Stoffwechsel und Ausscheidung
Studien mit radioaktiv markiertem Dioxan zeigen, dass niedrige Dosen schnell in 2-Hydroxyethoxyessigsäure umgewandelt und im Urin ausgeschieden werden. Dieser Umwandlungsprozess wird bei hohen Dosen weniger effizient, was zu einer langsameren Ausscheidung führt.
Risikobewertung von menschlicher Exposition und Karzinogenität
Zwischenfälle mit der Exposition von Menschen bei geschätzten Konzentrationen von 470 ppm Dioxan haben zu Todesfällen geführt. Epidemiologische Studien an Arbeitern, die Konzentrationen von bis zu 51 ppm ausgesetzt waren, haben jedoch keine gesundheitsschädlichen Auswirkungen gezeigt.
Die potenzielle Karzinogenität von 1,4-Dioxan hat verschiedene internationale Regulierungsbehörden dazu veranlasst, Richtlinien für seine Präsenz im Trinkwasser und in der Umwelt festzulegen.

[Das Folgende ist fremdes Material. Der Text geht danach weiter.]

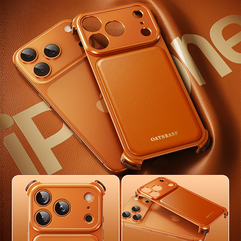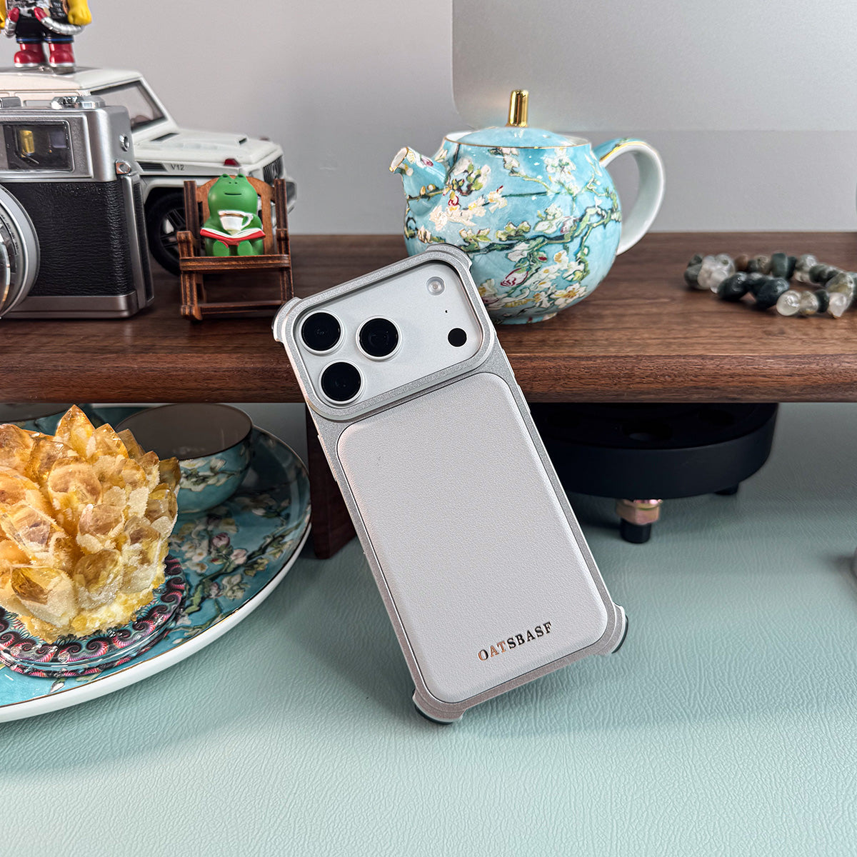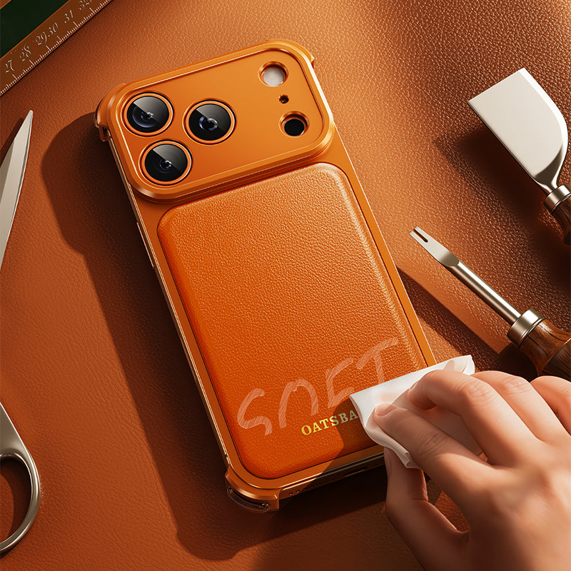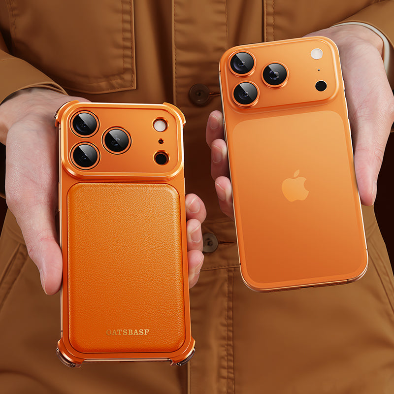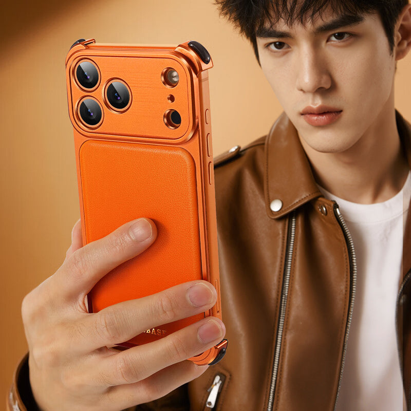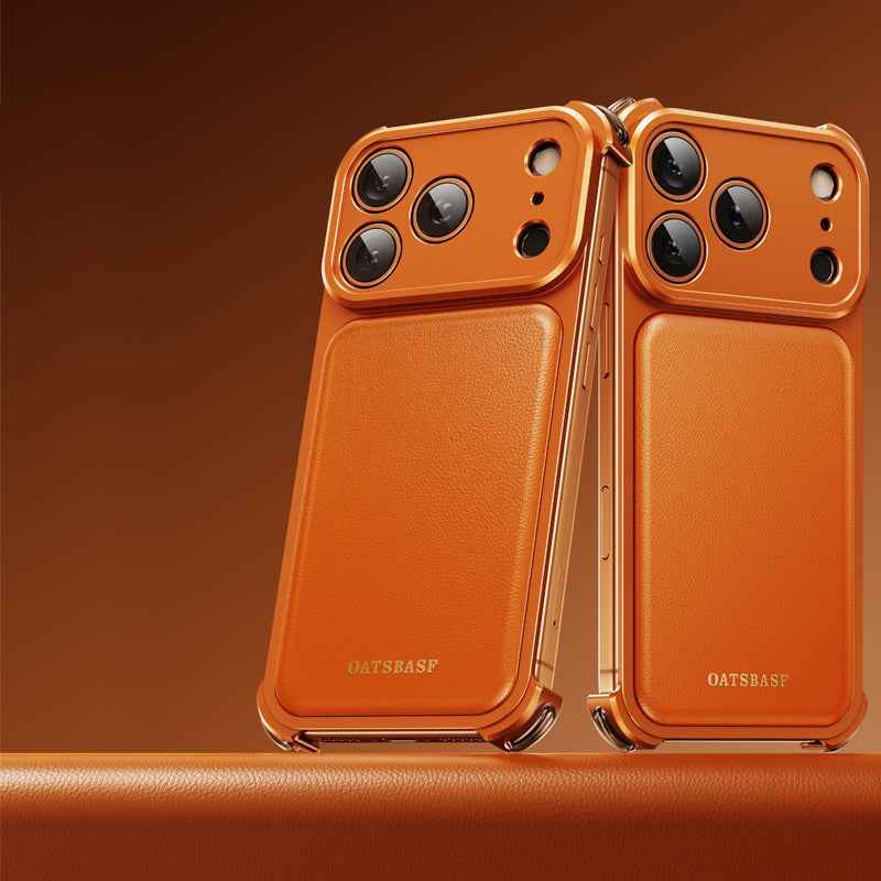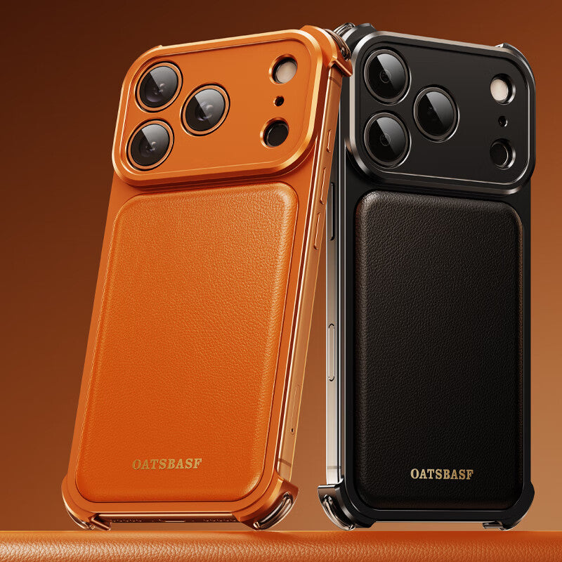 Oatsbasf Armour MagSafe Aluminum Bumper Genuine Leather Air Cushion Shockproof Case Cover

Die Internationale Agentur für Krebsforschung (IARC) stuft 1,4-Dioxan als Karzinogen der Gruppe 2B (wahrscheinlich Karzinogen für den Menschen) ein, basierend auf Tierstudien, die eine erhöhte Inzidenz von Nasenhöhlen-, Leber- und Gallenblasenkarzinomen bei Ratten, Mäusen und Meerschweinchen zeigen , jeweils.
Dioxan im Trinkwasser
Die Weltgesundheitsorganisation (WHO) empfiehlt einen Richtwert von 50 μg/L für 1,4-Dioxan im Trinkwasser.
Die US-Umweltschutzbehörde (EPA) und das National Center for Environmental Assessment haben einen gesundheitsbezogenen Richtwert von 3 μg/L im Trinkwasser vorgeschlagen.
Das integrierte Risikoinformationssystem der EPA geht von einem potenziellen Krebsrisiko von 1 zu 1.000.000 bei einer lebenslangen Exposition von 0,35 μg/L aus. Folglich legt die Unregulierte Kontaminantenüberwachungsregel (UCMR3) einen Mindestmeldewert von 0,07 μg/L fest.
Das deutsche Umweltbundesamt empfiehlt einen vorsorglichen Richtwert von 0,1 μg/L für nicht genotoxische Karzinogene wie 1,4-Dioxan im Trinkwasser.
Japan hat einen Umweltstandard von 50 μg/L für 1,4-Dioxan festgelegt.
In den Vereinigten Staaten haben mehrere Einzelstaaten ihre eigenen Grenzwerte für 1,4-Dioxan im Trinkwasser festgelegt, was einen Flickenteppich an Vorschriften im ganzen Land widerspiegelt.